Summary
The variance
function upon which stdDev
is based incorrectly assumes that the mean of the scores will always be greater than or equal to the individual scores which is not always the case.
Vulnerability Details
The arithmetic mean is the sum of a dataset of values divided by the count of values in the dataset. It provides the "central" tendency of the elements in the dataset and always lies between the smallest and largest elements. As a result, cases can occur in which the mean is greater than certain elements in the set.
This property isn't taken into consideration instead when calculating variance
for the stddev
function.
We can see that the stddev
function first attempt to calculate the variance
of the data.
function stddev(uint256[] memory data) internal pure returns (uint256 ans, uint256 mean) {
@> (uint256 _variance, uint256 _mean) = variance(data);
mean = _mean;
ans = sqrt(_variance);
}
And when variance
is calculated, just like the formula requires, the mean is deducted from each indivual member of the data array. The parameter is set as diff, uint256.
function variance(uint256[] memory data) internal pure returns (uint256 ans, uint256 mean) {
mean = avg(data);
uint256 sum = 0;
for (uint256 i = 0; i < data.length; i++) {
@> uint256 diff = data[i] - mean;
sum += diff * diff;
}
ans = sum / data.length;
}
However, as established the mean lies in between the elements of the array, and in a lot of cases, will actually be greater than the element. But since the variance
function doesn't account this, the line uint256 diff = data[i] - mean;
will mostly always revert due to undeflow error. As a result, the queries to stddev
will be dossed.
This is important as to validate
a taskId's request, the finalizeValidation
function is reqiured to compute the standard deviation and mean of the scores and generation scores to be validated.

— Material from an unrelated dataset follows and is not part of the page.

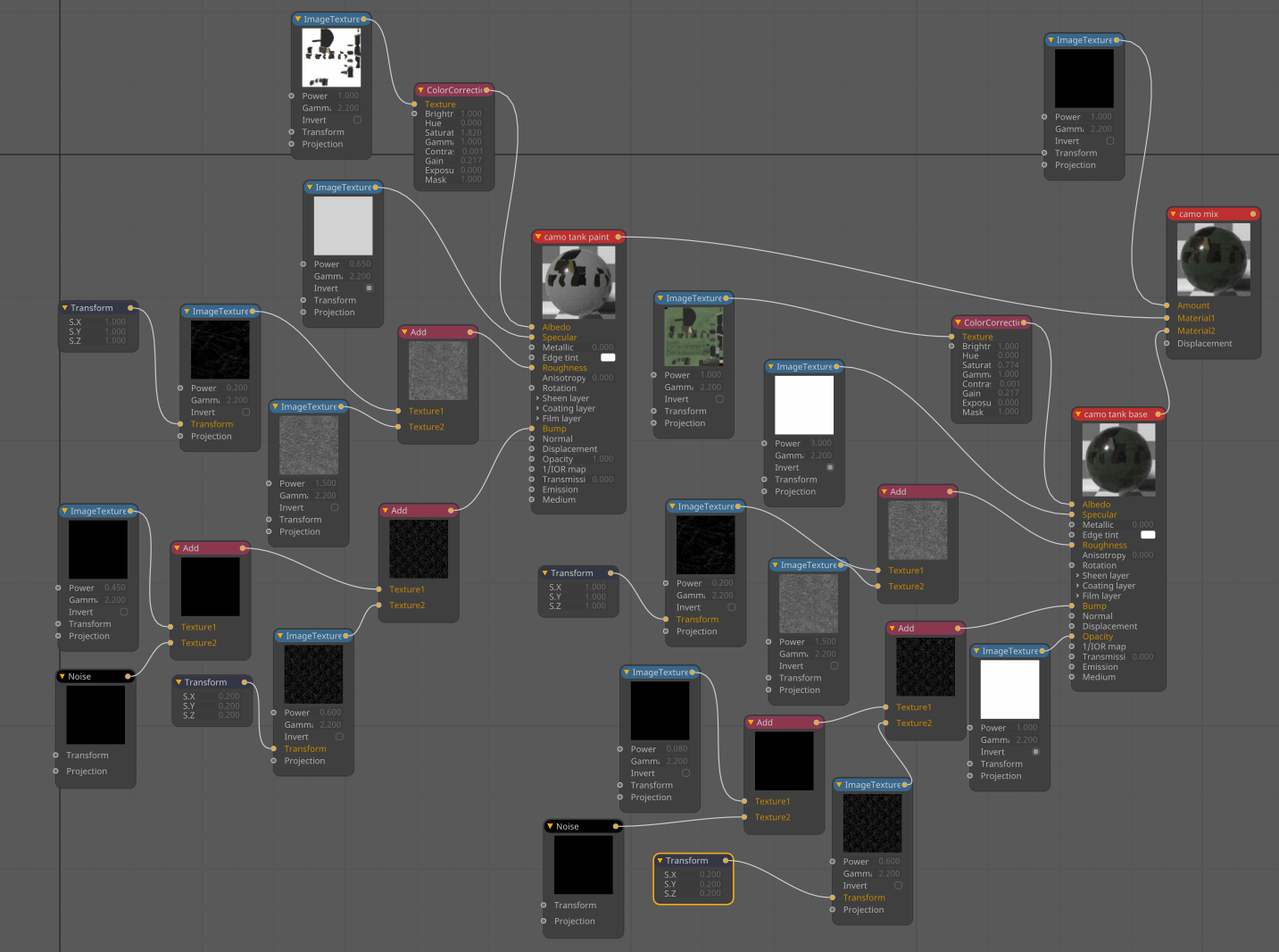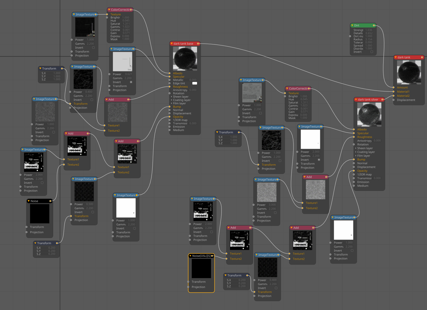 Dark tank node tree. Dirt material simulates paint wear with specular metal beneath.

function finalizeValidation(uint256 taskId) private {
TaskRequest storage task = requests[taskId];
for (uint256 g_i = 0; g_i < task.parameters.numGenerations; g_i++) {
uint256[] memory scores = new uint256[]();
for (uint256 v_i = 0; v_i < task.parameters.numValidations; v_i++) {
scores[v_i] = validations[taskId][v_i].scores[g_i];
}
@> (uint256 _stddev, uint256 _mean) = Statistics.stddev(scores);
uint256 innerSum = 0;
uint256 innerCount = 0;
for (uint256 v_i = 0; v_i < task.parameters.numValidations; ++v_i) {
uint256 score = scores[v_i];
if ((score >= _mean - _stddev) && (score <= _mean + _stddev)) {
innerSum += score;
innerCount++;
_increaseAllowance(validations[taskId][v_i].validator, task.validatorFee);
}
}
uint256 inner_score = innerCount == 0 ? 0 : innerSum / innerCount;
responses[taskId][g_i].score = inner_score;
}
uint256[] memory generationScores = new uint256[]();
for (uint256 g_i = 0; g_i < task.parameters.numGenerations; g_i++) {
generationScores[g_i] = responses[taskId][g_i].score;
}
@> (uint256 stddev, uint256 mean) = Statistics.stddev(generationScores);
for (uint256 g_i = 0; g_i < task.parameters.numGenerations; g_i++) {
if (generationScores[g_i] >= mean - generationDeviationFactor * stddev) {
_increaseAllowance(responses[taskId][g_i].responder, task.generatorFee);
}
}
}
Impact
The function would mostly always revert due to underflow error, dossing request validations which is a very important protocol process.
Tools Used
Manual Review
Recommendations
Modify the variance
function to check first for which is greater between data[i]
and mean
, then deduct the lesser from bigger.
Something like this.
function variance(uint256[] memory data) internal pure returns (uint256 ans, uint256 mean) {
mean = avg(data);
uint256 sum = 0;
for (uint256 i = 0; i < data.length; i++) {
- uint256 diff = data[i] - mean;
+ uint256 diff;
+ if (data[i] => mean) {
+ diff = data[i] - mean;
+ }
+ else {
+ diff = mean - data[i];
+ }
+ sum += diff * diff;
+ }
ans = sum / data.length;
}